THE archeology it is a discipline that deals with the investigation of evidence, or vestiges, of past civilizations and cultures. The term is composed of the Greek radicals Arkhe, which means both "beginning/beginning" and "order/organization", and Loggia, which in turn means “study/science”. The main objective of archaeological investigations is to provide material subsidies, with precise temporal dating, for the reconstruction of the human past. That's why this science is so important to other disciplines, such as history and anthropology.
The first properly archaeological interests date back to the Middle Ages. The search for the sacred ruins of the Holy Land (such as the Temple of Solomon), carried out by the Knights Templar, already indicated the need to find fragments of ancient civilizations. These fragments allowed a better understanding of what happened in remote times. Like Rebirth (15th and 16th century), there was a revaluation of the classical Greco-Roman culture. The ruins of ancient palaces, temples and sculptures awakened in Renaissance men the interest in to reproduce them, to know how their architectural construction process worked and what kind of techniques they were employed.
But it was only in the 19th century that archeology would be consolidated. The French's decipherment of Egyptian hieroglyphs Jean-François Champollion, between 1822 and 1824, based on inscriptions in the rosetta stone, was a kick-start for archeology to gain legitimacy. The Rosetta Stone had been found among ruins, on Egyptian soil, by Napoleon's soldiers, in 1798. The ruins and great monuments of the ancient Egyptian civilization kept secrets for the understanding of more than 3 millennia of history. In this way, many researchers went to Egypt between the end of the 19th century and the beginning of the 20th century. Archeology, as a science, was born with these researchers.
Two of the greatest names in the early days of archaeological science were Egyptologists, that is, specialists in Egyptian civilization, who worked excavating at archaeological sites in Egypt. The first is the british sir Petrie Flinders (1853-1942). Petrie started working on archaeological sites in Britain, such as the famous Stonehenge, but it was in Egypt that he stood out, by developing an investigation and classification system for the archaeological finds of the Great Pyramids of the Giza Valley, close to the city Cairo. the second is Howard Carter (1874-1939), assistant to Petrie, also an Egyptologist, besides Egypt he also studied the archaeological sites of the civilization of Nubia, and was responsible for finding the tomb of the pharaoh. Tutankhamun. Even in the nineteenth century, we have the figure of the German Heinrich Schliemann (1822-1890), responsible for discovering the archaeological sites of Mycenaean civilization, which predated the city-states of Ancient Greece.

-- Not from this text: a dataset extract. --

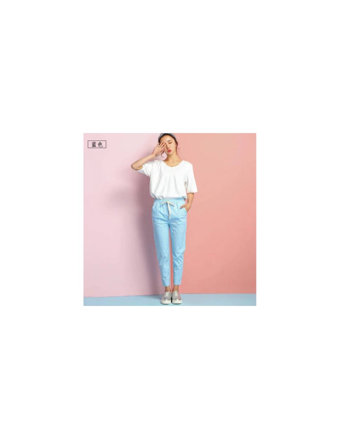 Pantalon décontracté bleu ciel, poches de chaque côté et taille élastique

In the twentieth century, in addition to archaeological research on great ancient civilizations continue and became more refined, there was also the expansion of archeology to even more remote areas, such as The Prehistory. New dating systems, such as the carbon-14 and of the thermoluminescence, helped archaeologists to specify the time of human bones, as well as that of ceramics, fabrics, stone instruments, etc. In this aspect, archeology also goes hand in hand with biology (theory of evolution and paleontology), in addition to continuing to link up with history and anthropology.
In the Brazilian case, one of the examples with the greatest repercussion in the area of archeology was the discovery of the archaeological site of Serra da Capybara, in São Raimundo Nonato, Piauí. The discovery was made by the São Paulo archaeologist Niéde Guidon in the 1960s. This site comprises one of the places with the largest record of cave paintings in the world. In just one point in the Serra, there is a panel with more than 3,000 different images of paintings, in addition to having fossil records and other types of remains dating back thousands of years before Christ.